Всё это никоим образом не лишило меня уверенности в себе. Я был исполнен решимости. Частично решимость моя проистекала из того факта, что я отвечал за то, чтобы эти ребята вернулись домой. Восемь моих подчинённых погибли там, и два человека получили ранения. Вся моя решимость была направлена на одно - защищать нас всех. Я писал очень мало писем домой, потому что говорить было не о чем. Но я следил за приходящей почтой. Почту привозили и оставляли на КП (командном пункте), и я наблюдал. Скажем, Джоунз на одной неделе письма получал, а потом я замечал, что в его почте возникал перерыв. И я тогда наблюдал за этим парнем, чтобы посмотреть, сказалось ли это на нём, не подавлен ли он. А если во время следующей раздачи писем он снова ничего не получал, тогда я подсаживался к нему и беседовал.
Или вот: в голову я всегда ставил троих человек, и я всегда был третьим номером, потому что чувствовал, что не могу заставлять подчинённых делать что-то такое, чего сам бы делать не стал. Поэтому я ходил первым. Если меня убьют, они поймут, что самим лучше в такую ситуацию не попадать. Так ведь? Немного дурная психология, но думаю, она подходила моей должности в силу представлений о выживании и справедливости. Но я, бывало, иду в голове с этим парнем и говорю: 'Чёрт, снова писем нет'. Вроде как ищу у него сочувствия за счёт отождествления. Не успев сделать и пары шагов, этот парень выкладывает мне всё, что случилось, если это важно. А если ничего серьёзного, то я просто перевожу разговор на другие темы. Но если парню и в самом деле плохо, продолжаю с ним беседовать.
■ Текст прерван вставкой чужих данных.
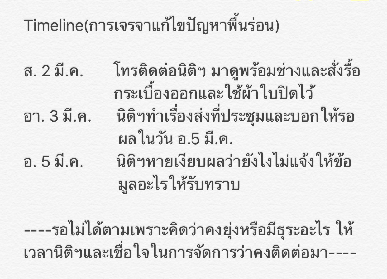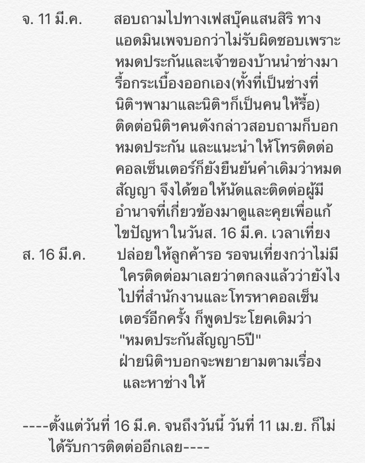 รบกวนขอความช่วยเหลือสอบถาม คุณพ่อจขกท.ซื้อบ้านเดี่ยวแบรนด์ส.ถนนติวานนท์สัญญารับประกัน5ปี เพิ่งหมดสัญญา8เดือนแต่เจอปัญหาพื้นชั้นข้างล่างร่อน คุยกับนิติฯเขาก็ให้ช่างมาแกะรื้อกระเบื้องส่วนที่ร่อนออกและนำผ้าใบมาปิดไว้ ตรงนี้เราก็ชื่นชมว่าบอกปัญหาปุ๊บนิติก็มาแก้ไขทันที ก็ชื้นใจนึกว่าวางใจได้แล้ว แต่หลังจากนั้นกลับบอกปัดความรับผิดชอบทุกอย่างพูดแต่ว่า
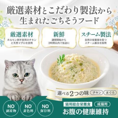 ■原材料:水、まぐろ、増粘安定剤(タピオカ澱粉、グァーガム)、キウイ、大豆油、香料、ミネラル類(Ca、P、K、クロライド、Fe、Zn、Mn、Cu、Se、I)、フラクトオリゴ糖、タウリン、ビタミン類(コリン、E、B1、A、ナイアシン、パントテン酸Ca、D3、B2、B6、ビオチン、B12、葉酸、K3)

Я был как отец и мать для этих парней, пусть они даже о том и не знали. Они тащили больше боеприпасов или оружия, чем все другие. Очень часто в промежутках между ситуациями, когда в них возникает нужда, охереть как тяжко всё это таскать. Но я хотел сделать так, чтобы все тридцать парней вернулись домой. Не вышло. Я помню, как они погибали. Я вспоминаю их имена периодически, но всех восьмерых сразу припомнить не смогу. Но я их помню. До сегодняшнего дня.